§ **WORK INSTRUCTION**
Return the lines of the data below starting at the one holding "[プレミアム素材] 私たちの" and ending at the one holding "男性向けラノベタイトル風あだ名 | 『ユイカイチョースレイヤー』 |", word for word, leaving every picture out.

§ **SUPPLIED MATERIAL**
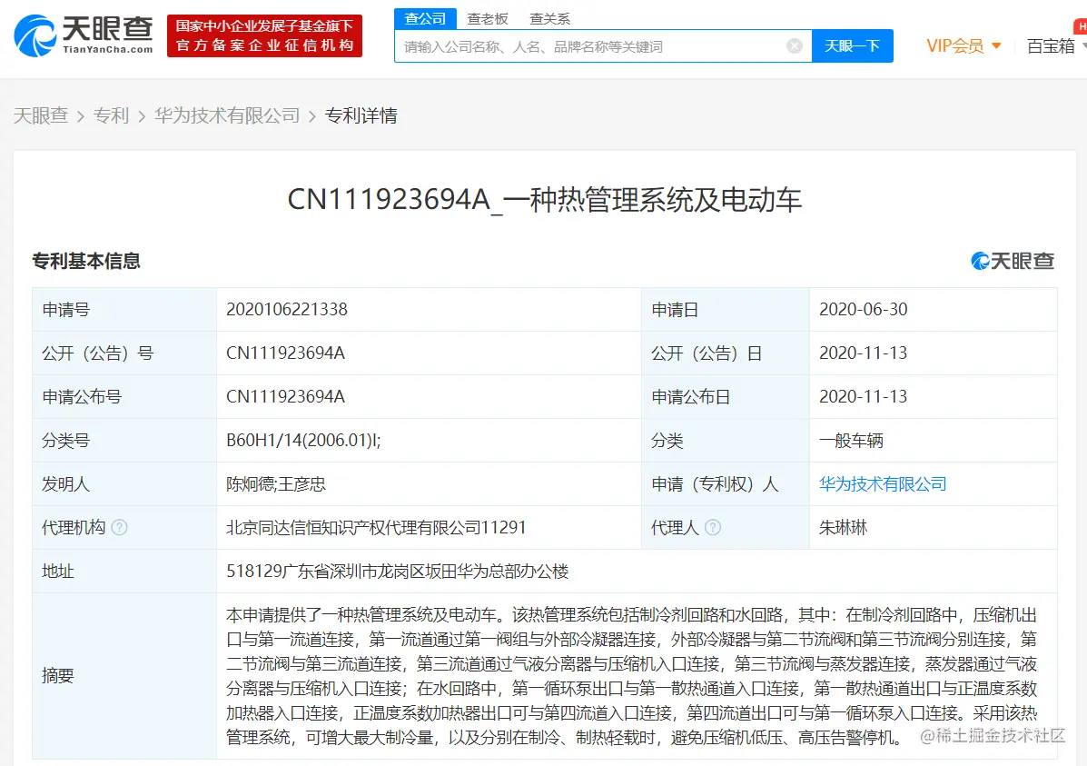 天眼查 App 显示,近日,华为技术有限公司新增多条专利信息,其中包括“一种热管理系统及电动车”及“一种车辆控制方法及相关设备”,申请公布日均为 2020 年 11 月 13 日。
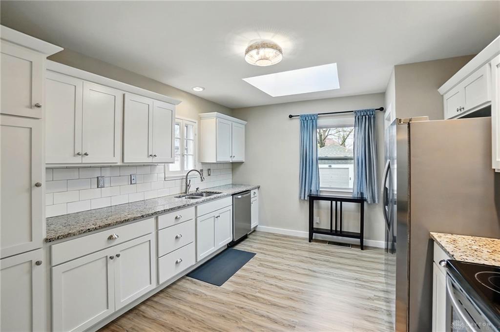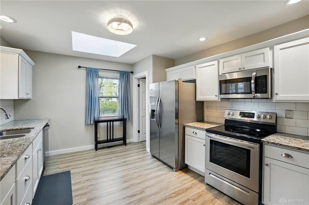 Cute as a button! Adorable, totally updated cottage that you can move right into and enjoy! Open main level floorplan with an abundance of natural light. Luxury vinyl plank flooring thru most of the home. Remodeled bathrooms. Newer windows including 2 skylights. State of the art kitchen, granite counters with custom cabinets. Even a pantry! The lower level is amazing with a rec room, office and a third room that could be used in various ways. Don't miss the enclosed front porch. 1 block from Orchardly Park and a quick stroll to both the library and Shops of Oakwood. Chimney and fireplace are not warranted. There is a VA assumable loan, which could be available depending on circumstances. $230,061.33 @ 2.99%
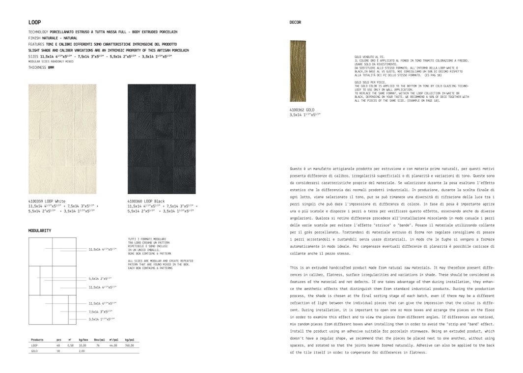 per il grès porcellanato. Trattandosi di materiale estruso di forma non regolare consigliamo di posare
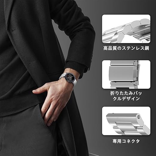 [プレミアム素材] 私たちの腕時計のバンドは、厳選されたステンレススチール素材で作られています。その耐久性と優れた品質は、長期間の使用にも耐え、色あせや錆びの心配なく、長く美しい状態を保ちます。
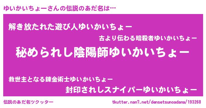| 男性向けラノベタイトル風あだ名 | 『ユイカイチョースレイヤー』 |
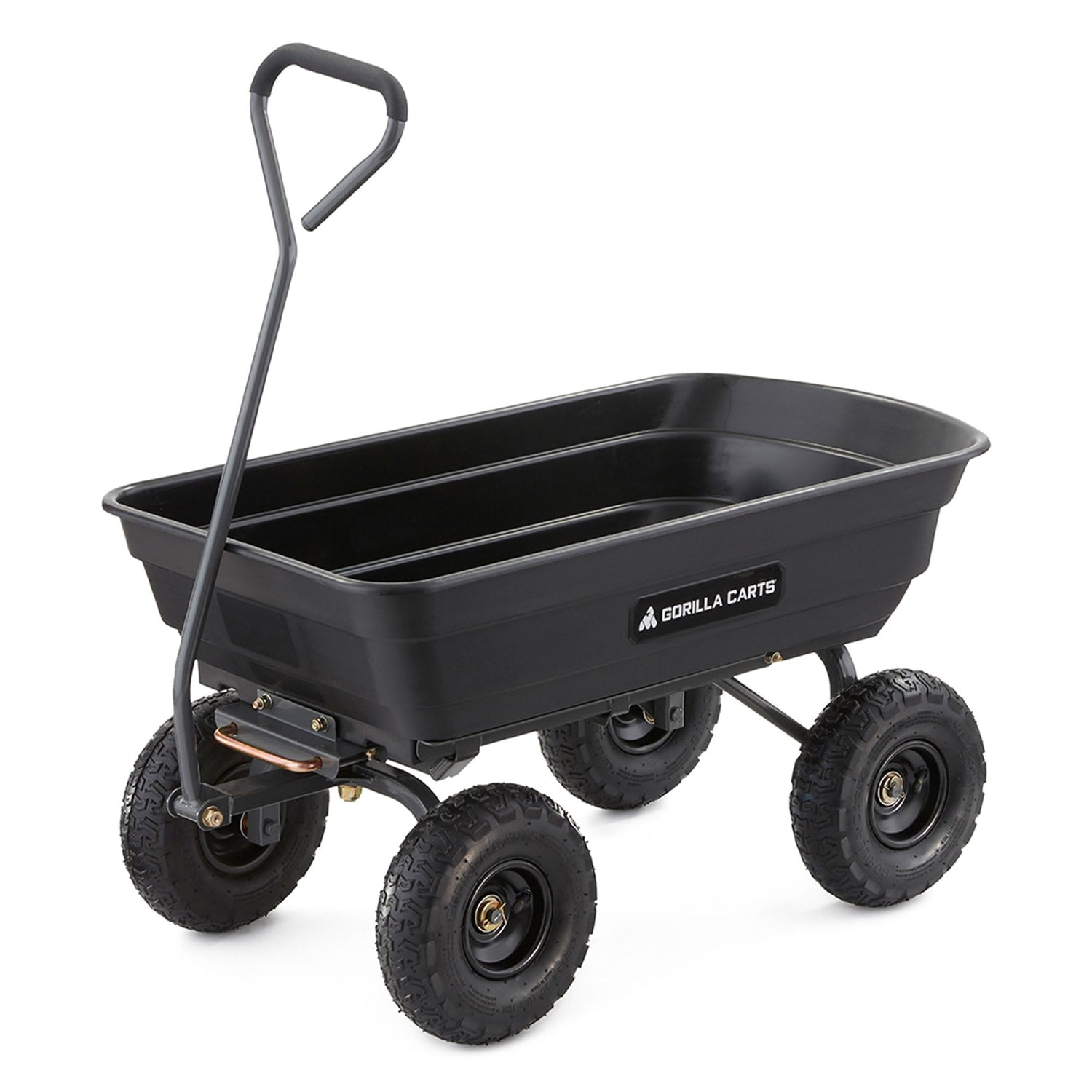 Details: The newly-designed Gorilla Carts 600-lb. Capacity Poly Garden Dump Cart has an innovative, updated frame design that makes it quick and easy to assemble and put this cart to work. The cart features the patented quick-release dumping system, which allows the cart to be loaded and unloaded with ease, and the balanced 4-wheel design makes it a simple-to-use alternative to a wheelbarrow. The new frame design allows for easy assembly, while improving maneuverability and rigidity, increasing ground clearance, and giving the cart a tight turning radius. The durable poly bed is maintenance-free and easy to clean, and the 10 in. pneumatic tires are designed to handle any terrain whether you’re hauling heavy dirt, mulch, gravel, or plants. With a 600 lb. hauling capacity and padded dipped-grip handle, this cart is perfect for the casual gardener or the lawn professional. The bed dimensions measure 36-inches by 20-inches, and the cart has an overall height of 19.5-inches and weighs 32-pounds. Gorilla Carts full line of products meets the needs of the light-duty homeowner as well as the commercial-duty professional user by offering a wide variety of carts in different sizes and weight capacities. The Gorilla Carts GOR4PS Poly Garden Dump Cart comes with a 1-year limited warranty.

§ **TASK RESULT**
 [プレミアム素材] 私たちの腕時計のバンドは、厳選されたステンレススチール素材で作られています。その耐久性と優れた品質は、長期間の使用にも耐え、色あせや錆びの心配なく、長く美しい状態を保ちます。
| 男性向けラノベタイトル風あだ名 | 『ユイカイチョースレイヤー』 |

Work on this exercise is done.